* [Exercise]: Would you copy each line of the records that includes the word "with"?

* [Provided records]:
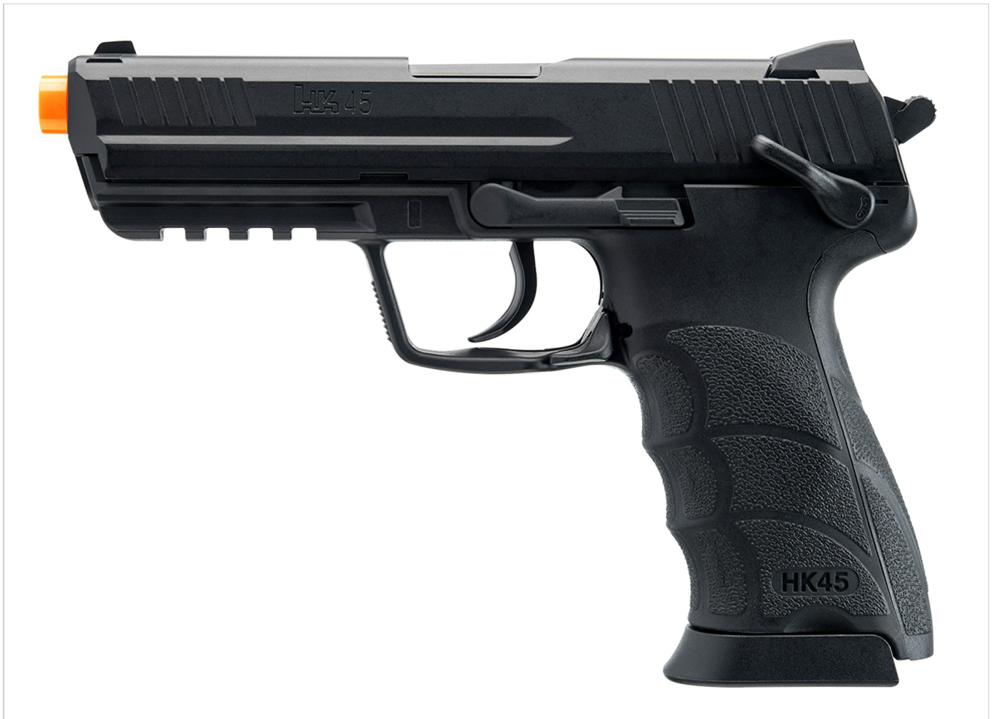
Image: The Umarex Elite Force HK45 CO2 Airsoft Pistol, showcasing its design and features.
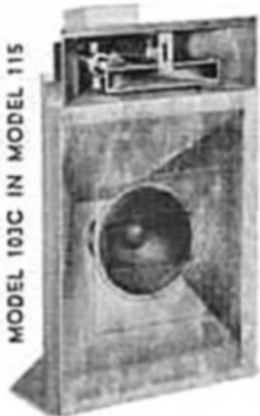
MODEL 103C IN MODEL 115

ELECTRO-VOICE, INC. BUCHANAN, MICHIGAN BULLETIN No. 220 PART No. 53223 PRINTED IN U.S.A.
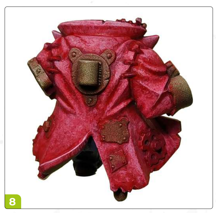
Apply 2-3 general washes with highly diluted (70% water) Red Truth to the whole piece to recover the reddish tone and smooth the texture.
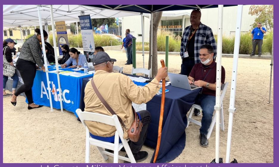
LA County Military Veteran Affairs kept busy

"Today is amazing! If people took time to get to know probation and see what they are truly trying to do, then changes can be made, and healing can begin to happen."
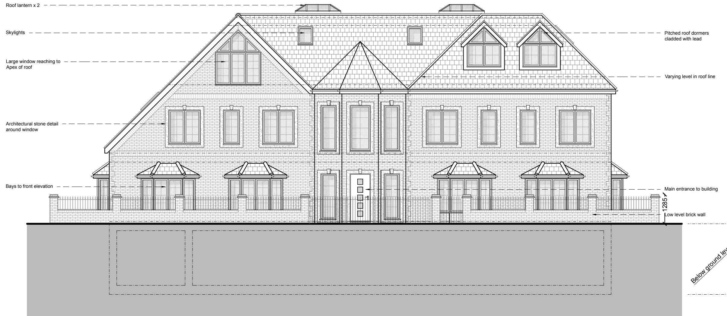
Front Elevation (Front Wall) As Proposed - Scale 1:100
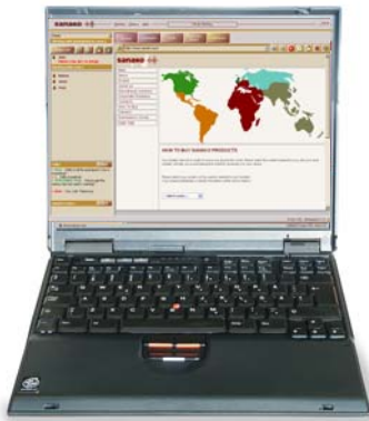
SANAKO Forum 100 participant's software
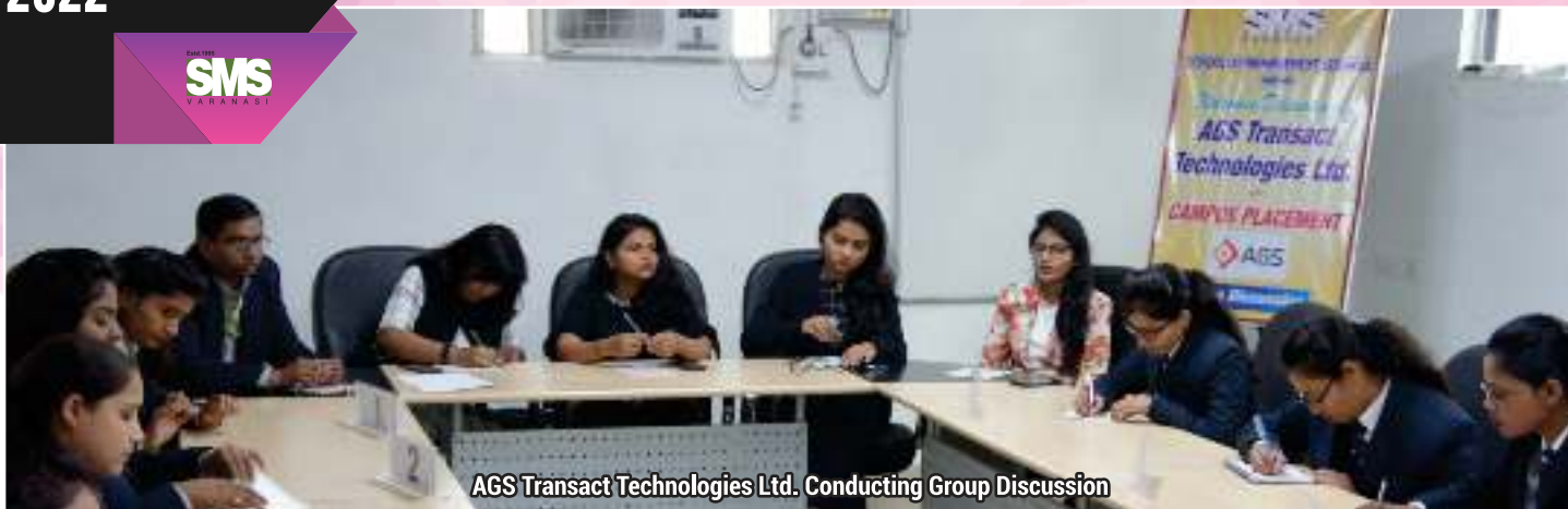
AGS Transact Technologies Ltd. Conducting Group Discussion
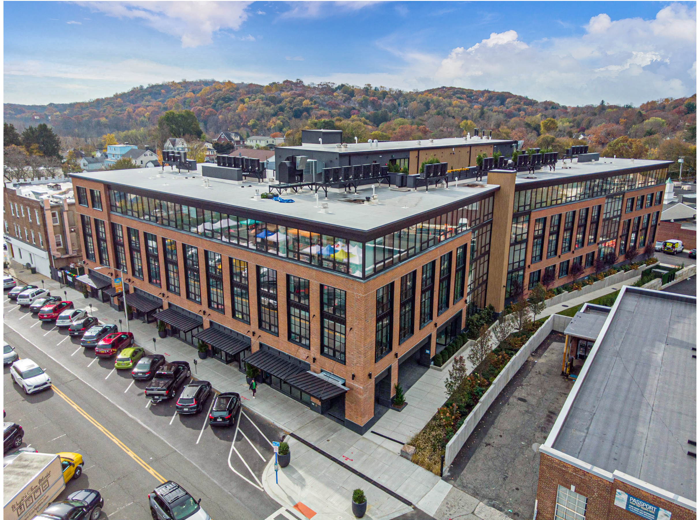
PLEASANTVILLE LOFTS 70 MEMORIAL PLAZA PLEASANTVILLE, NEW YORK
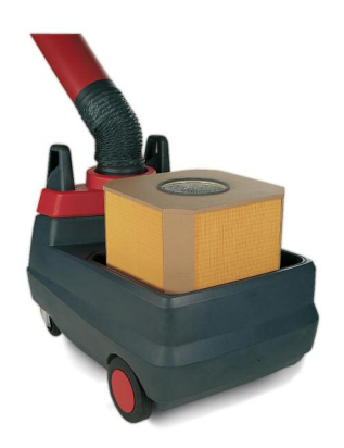
Filter shown inside Mobiflex® 200-M
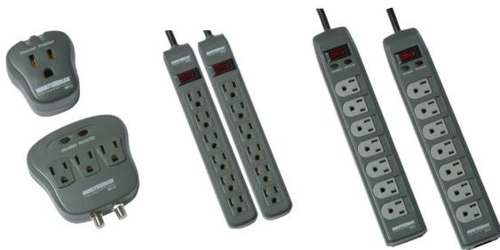
MMS110 & MMS130C MMS362P 'Twin Pack' MMS370 & MMS370T
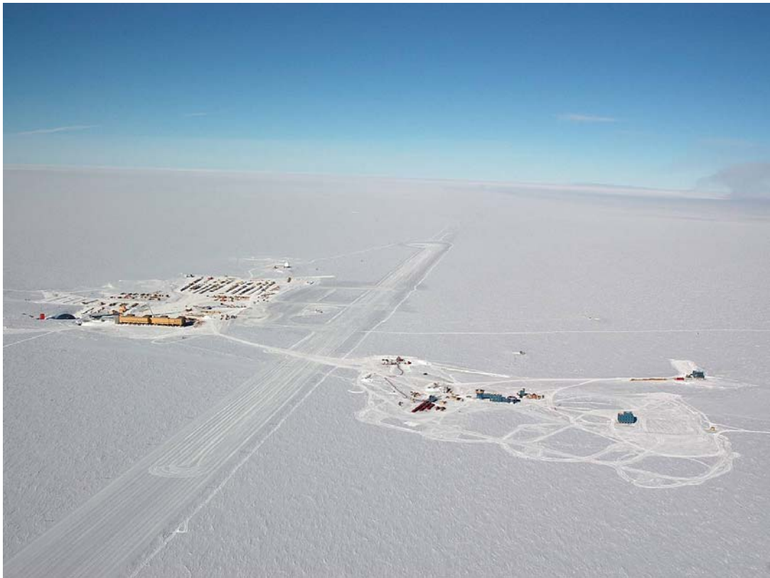
Areal view of the Amundsen Scott South Pole station. On the left of the skiway one sees the station (long building) with accomodation, cafetaria etc. On the right of the skiway the IceCube construction site is visible. The distance between the station and the nearest IceCube strings is about 1km
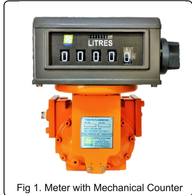
Fig 1. Meter with Mechanical Counter
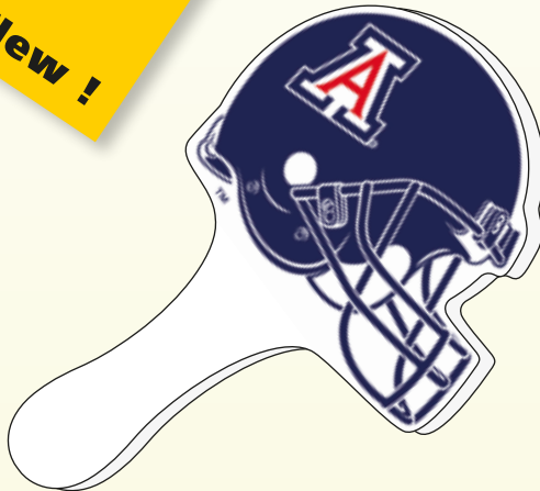
RPC3R-4CP Custom Shape
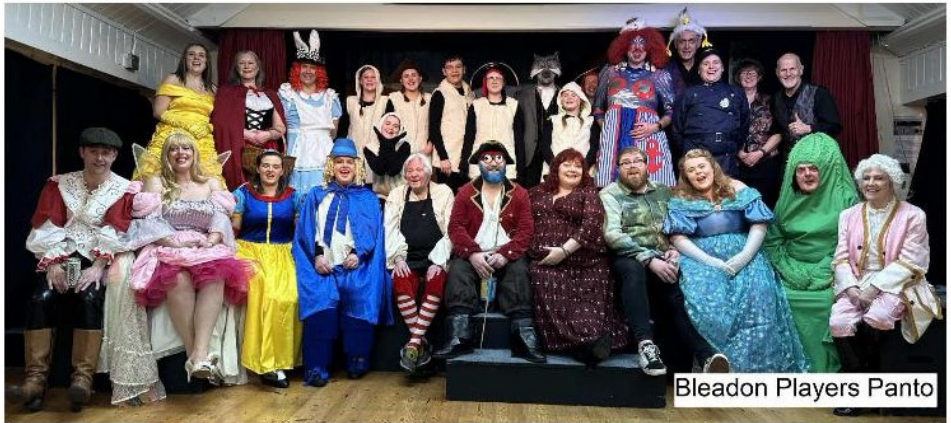
Bleadon Players Panto
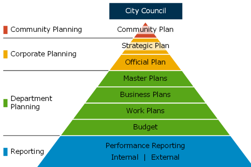
Figure 1. City of Guelph’s Strategic Alignment Diagram.
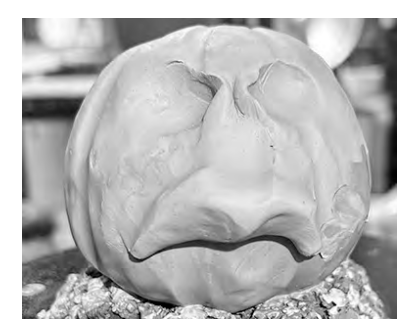
<u>Step 11</u> Blend the upper part of the lip into the surface of the face making a gradual slope but leaving the bottom of the lip as is.

* [Written reply]:
Apply 2-3 general washes with highly diluted (70% water) Red Truth to the whole piece to recover the reddish tone and smooth the texture.
Areal view of the Amundsen Scott South Pole station. On the left of the skiway one sees the station (long building) with accomodation, cafetaria etc. On the right of the skiway the IceCube construction site is visible. The distance between the station and the nearest IceCube strings is about 1km
Fig 1. Meter with Mechanical Counter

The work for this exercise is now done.